Mariners handle Lincecum, beat Giants 7-4
SEATTLE — Jesus Montero and Casper Wells put a damper on Tim Lincecum’s homecoming, powering the kind of start slumping Seattle desperately needed.
Wells and Montero hit long homers off Lincecum in the first inning, Franklin Gutierrez’s infield single broke a tie in the sixth and Brendan Ryan followed with a two-run single, leading the Mariners to a 7-4 win over the San Francisco Giants on Saturday night.
Seattle snapped a six-game losing streak that put a spotlight on the Mariners’ inability to score at home. Seattle entered Saturday night with the worst home record by percentage and the worst batting average in baseball at home. While those numbers improved marginally, the 12 hits and seven runs were a far better showing than most of Seattle’s miserable homestand.

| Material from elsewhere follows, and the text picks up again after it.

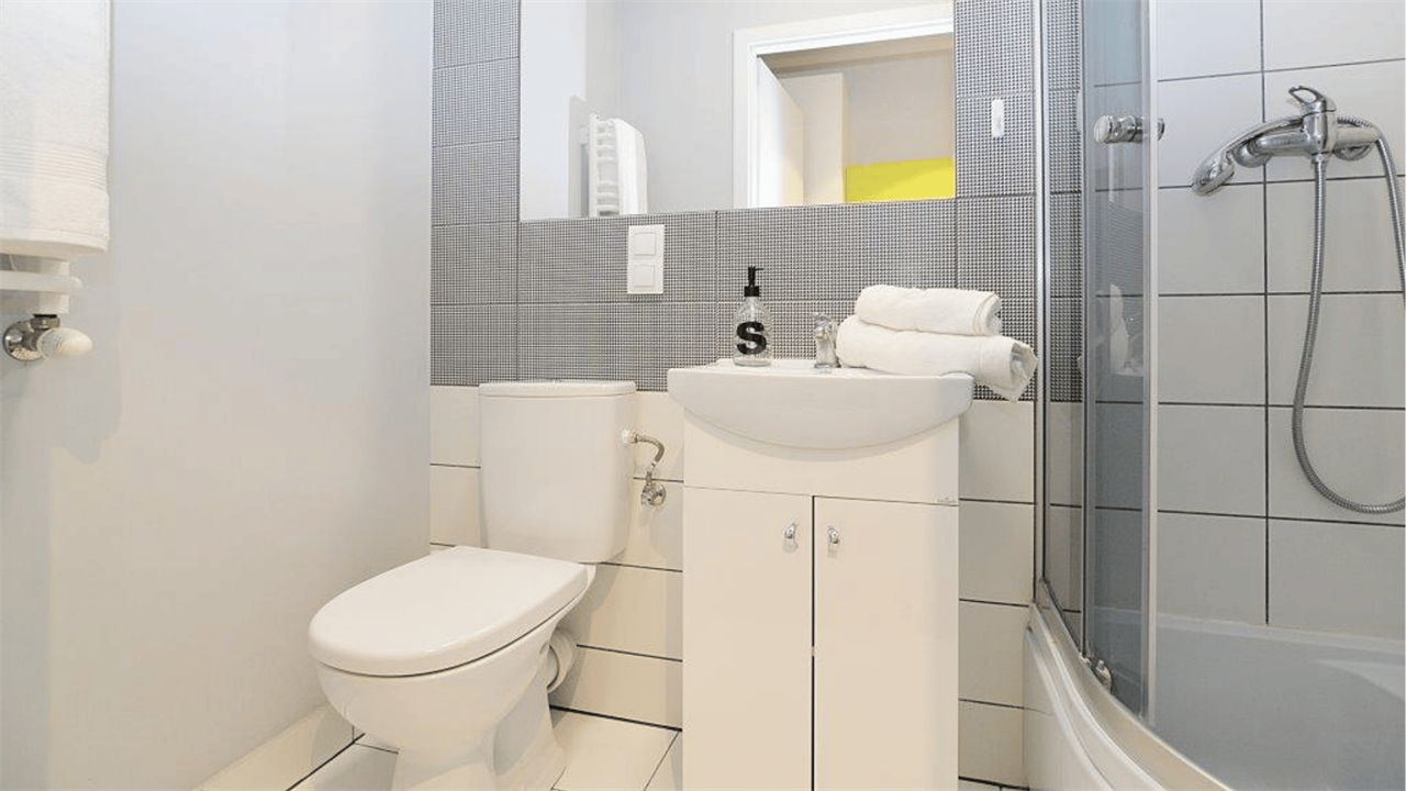 Twój pokój to około 16 m² w pełni wyposażonej przestrzeni, zamykanej na indywidualny klucz. Znajdziesz tu biurko z krzesłem, pojemną szafę, praktyczne szafki wiszące oraz rozkładaną sofę lub wygodne łóżko – wszystko, czego potrzebujesz, by spokojnie uczyć się, pracować i odpoczywać. Dodatkowym atutem jest Twoja własna, prywatna łazienka z prysznicem – pełna wygoda bez kolejek i dzielenia się przestrzenią.

“It was really nice to see us score some runs here at home and put something together like we did tonight,” manager Eric Wedge said.
Lincecum (2-8) was the focal point of the evening thanks to his personal five-game losing streak and his first start in Seattle, where he was a prep star and national collegiate player of the year at Washington. Instead it became another night of frustration for the two-time Cy Young Award winner, who was unable to hold a 4-2 lead and was done just one costly batter into the sixth inning.
Montero led off the sixth with a single and eventually scored the go-ahead run when Gutierrez hit a hard chopper down the third-base line that Joaquin Arias could only knock down. Ryan followed with a two-run single to center.
“I’m going to be the greediest person in the show. I’ll take every single one of them,” Ryan said. “I’m glad the bat stayed in one piece because I’ll be using it tomorrow. It’s nice to be on base, but it’s nice to just contribute in just some small way, any way but defensively.”
Hisashi Iwakuma (1-0) picked up his first major league victory by pitching two scoreless innings in relief of Kevin Millwood, who was making his first start since throwing the first six innings of Seattle’s combined no-hitter against the Dodgers on June 8. Charlie Furbush worked the eighth and Tom Wilhelmsen finished for his fourth save in five chances.
Before the game, Lincecum received a rousing welcome back. One fan stood near the bullpen while Lincecum warmed up with a sign reading “In Timmy We Believe.” He was given a huge ovation from a large throng of Giants fans as he walked in from the bullpen, but put himself in an early hole.
Wells kickstarted Lincecum’s rough night when he sent a 2-1 pitch into the Giants’ bullpen in left with one out in the first. Kyle Seager then struck out before Montero showed off the power that made him one of the top prospects in the minors with a shot deep into the second deck of the left-field seats.
“Today was very nice. My timing was good. My swing was good. We were looking for good pitches and we find them,” Montero said.
By the time Lincecum took the mound for the fifth, he had retired 10 of 11 batters. But that stretch came to an abrupt end.
Dustin Ackley led off with a single for Seattle’s first hit that didn’t leave the park. John Jaso walked on four pitches and Ryan’s sacrifice put two runners in scoring position.
Ichiro Suzuki’s infield single up the middle was good enough to get Ackley home and cut the Giants’ lead to 4-3. Lincecum then bounced a breaking ball in the dirt well in front of home plate, allowing Jaso to score the tying run.
Lincecum was replaced by Jeremy Affeldt (Northwest Christian) after Montero opened the sixth with a single to left. Michael Saunders then singled. After a popout, Ackley hit an infield grounder that shortstop Brandon Crawford came in front of the bag at second to field. Saunders briefly stopped running and Crawford threw late to try and get Ackley, who beat the throw to load the bases.
Gutierrez brought home the first run when Arias could only knock down his hard shot and Ryan followed with the first of his two hits. The seven runs were the most for Seattle at home since May 5.
“Right now I’m not happy about the loss, but there are silver linings,” Lincecum said. “So I’ll take those, but I’m still just (angry).”